RelayActive.max_rate 会被 Host 端记录为本地中继发送令牌桶的上限;host_route_outbox() 在真正调用 send_relay_binary() 前预扣 token,预算不足时把当前及后续 outbox 消息推迟到下一帧,避免高视距 ChunkSnapshot 突发触发 Worker 的 rate_limit

注意web_sys::WebSocket 的事件回调通过 Closure<dyn FnMut(...)> 注册,回调内只能 inbox.borrow_mut().push_back(event),不能直接做长时间工作(保持回调短)。


五、peer.rs — RtcPeerConnection 包装

Phase 4 引入。

设计

pub struct PeerConnection {
    pub peer_id: PeerId,
    rtc: web_sys::RtcPeerConnection,
    pub state: PeerState,
    pub reliable: DataChannel,
    pub unreliable: DataChannel,
    pub inbox: Rc<RefCell<VecDeque<DataChannelMessage>>>,
}

pub enum PeerState {
    New,
    Connecting,
    Connected,
    Disconnected,
    Failed,
}

pub struct DataChannel {
    inner: web_sys::RtcDataChannel,
    pub label: &'static str,    // "reliable" / "unreliable"
    pub open: bool,
}

pub struct DataChannelMessage {
    pub channel: ChannelKind,
    pub bytes: Vec<u8>,
}

pub enum ChannelKind { Reliable, Unreliable }

通道配置

通道 配置 用途
reliable ordered: true, maxRetransmits: null, maxPacketLifeTime: null ChunkRequest, ChunkSnapshot, HostSettings, BlockUpdate, Chat, Hello/Welcome, ActionAck, Join/Leave
unreliable ordered: false, maxRetransmits: 0, maxPacketLifeTime: null PlayerInput, PlayerTick, Ping/Pong

maxRetransmits: 0 实现"发出去就完事",丢失不重传,适合频繁的位置广播。

Offer/Answer 流程

Host 侧(每个新 Remote 加入):

  1. 收到 SignalingEvent::PeerJoined(remote_id)
  2. 创建 RtcPeerConnection + 两条 DataChannel(Host 主动 createDataChannel
  3. createOffer()setLocalDescription → 发 Offer { to: remote_id }
  4. AnswerReceivedsetRemoteDescription
  5. onicecandidate 中通过信令发送本地 candidate

Remote 侧

  1. connectRegister { role: "join" }Registered
  2. OfferReceived { from: host_id }
  3. 创建 RtcPeerConnection等待 Host 创建的 DataChannel 通过 ondatachannel 到达
  4. setRemoteDescription(offer)createAnswer()setLocalDescription → 发 Answer
  5. 双方互发 ICE candidate,直到连接 connected

ICE 配置

let mut config = web_sys::RtcConfiguration::new();
let ice_servers = js_sys::Array::new();

// Google 公共 STUN
let stun = js_sys::Object::new();
js_sys::Reflect::set(&stun, &"urls".into(), &"stun:stun.l.google.com:19302".into()).unwrap();
ice_servers.push(&stun);

// TURN(v2,由信令服务下发)
// ice_servers.push(&turn_config);

config.ice_servers(&ice_servers);
let rtc = web_sys::RtcPeerConnection::new_with_configuration(&config)?;

TURN 凭据下发:v2 阶段,信令服务 Registered 消息中携带短期 TURN 凭据(防泄漏),客户端动态注入到 iceServers。
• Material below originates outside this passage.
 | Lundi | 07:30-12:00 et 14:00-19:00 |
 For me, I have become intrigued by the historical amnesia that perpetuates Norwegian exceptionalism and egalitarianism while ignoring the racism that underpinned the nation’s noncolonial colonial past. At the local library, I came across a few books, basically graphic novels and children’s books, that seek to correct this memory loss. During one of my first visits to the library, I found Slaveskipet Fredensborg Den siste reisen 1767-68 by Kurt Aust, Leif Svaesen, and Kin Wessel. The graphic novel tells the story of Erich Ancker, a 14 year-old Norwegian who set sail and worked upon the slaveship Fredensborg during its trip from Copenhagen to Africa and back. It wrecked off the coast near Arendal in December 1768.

本期固定使用公共 STUN,TURN 槽位预留。

IPv6 优先策略

国内运营商大量部署 CGNAT/对称 NAT,IPv4 srflx 打洞成功率显著低于 IPv6 host。浏览器默认对 IPv6 仅略微偏好(同类内 local-preference 高一点点),且 IPv4 host(注定连不通的内网地址)排序高于 IPv6 srflx,会浪费检查窗口。
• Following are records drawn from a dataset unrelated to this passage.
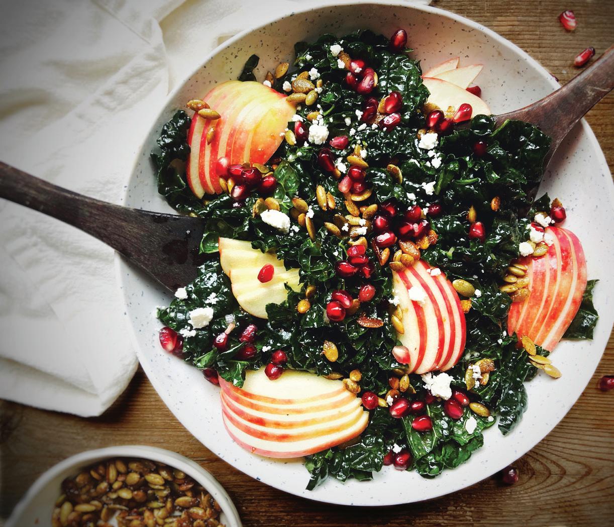 Honeycrisp Kale Salad with Feta + Pomegranate. (Photo courtesy: Spade & Spoon)
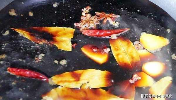 下一步是煮醬汁。一聽肉醬這個名字,就知道是用醬油做的。首先準備好八角、月桂葉、食鹽、幹辣椒和桂皮,然後將這些材料放入鍋中翻炒,烤後醃制的醬汁裡的肉更香,有臘肉的味道。煮好後加入醬油、糖和白酒拌勻。
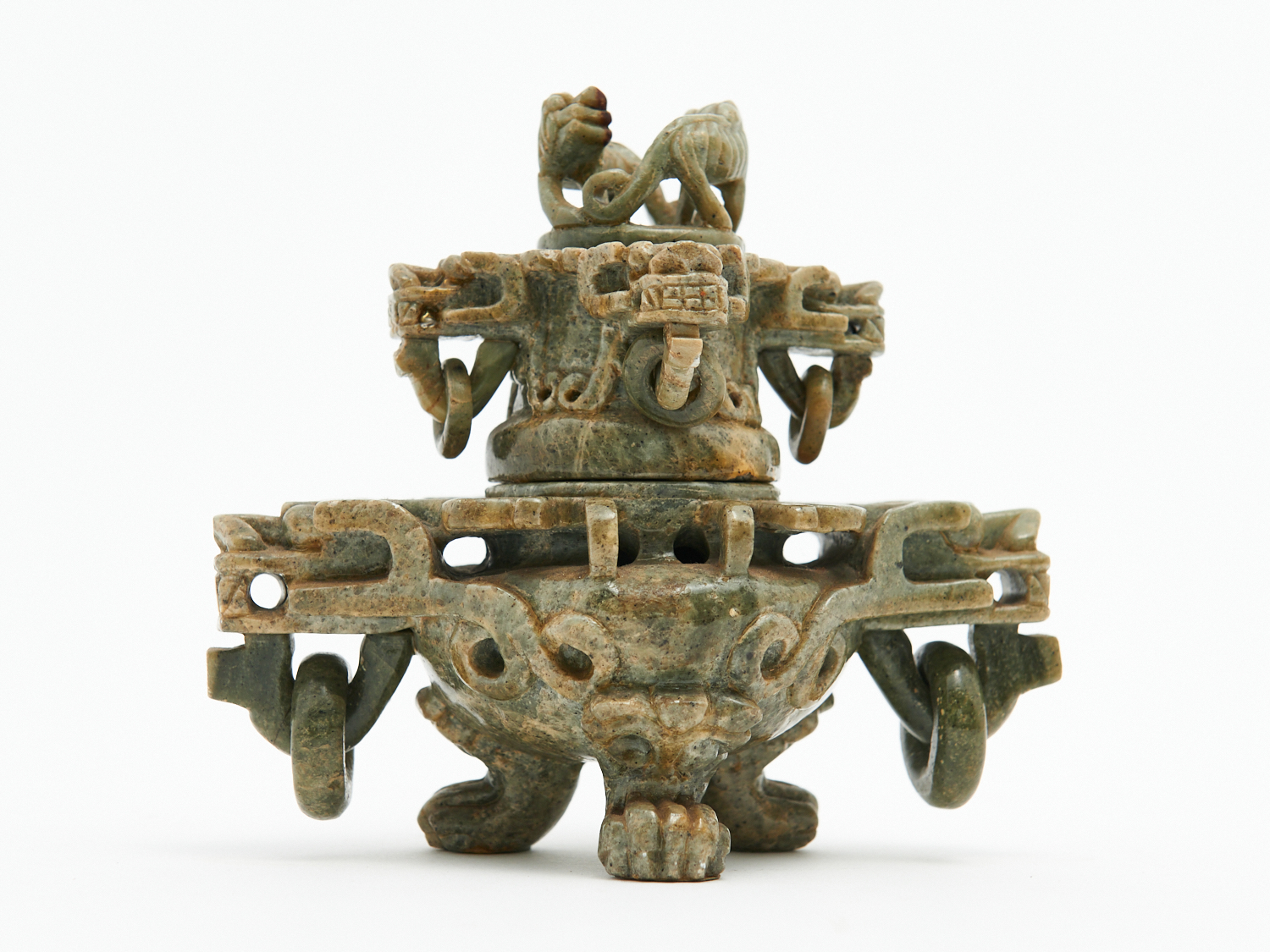 A CHINESE JADE INCENSE BURNER H.14.5CM X W.15.5CM, LEONARD JOEL HOME DELIVERY SIZE: SMALL

peer.rsonicecandidate 回调中通过纯函数 bump_ipv6_priority 拦截每条本地候选,把 IPv4 候选的 priority 字段减去 IPV4_PRIORITY_PENALTY0x4000_0000,约 1.07B),饱和到 0。结果:

候选类型 默认 priority 重写后
IPv6 host ~2.12 B 不变
IPv6 srflx ~1.68 B 不变
IPv4 host ~2.12 B ~1.05 B
IPv4 srflx ~1.68 B ~0.61 B

所有 IPv6 候选都排在所有 IPv4 候选之前,同族内部 host > srflx > relay 的相对顺序保留。双方都跑同一份代码 → 互相重写对方收到的 candidate priority → ICE pair 检查队列前段全部是 IPv6 pair,IPv4 仅作兜底(IPv6 全失败时浏览器自动降级到下一档)。

只重写出方向的 trickle candidate(即 onicecandidate 给出的);SDP(createOffer/createAnswer 返回值)里可能内嵌的初始候选未处理。Chrome 默认 trickle 模式下初始 SDP 基本不含 candidate,所以单边重写够用;如果实测发现 IPv4 仍抢跑,再考虑在 setLocalDescription 前做 SDP munging。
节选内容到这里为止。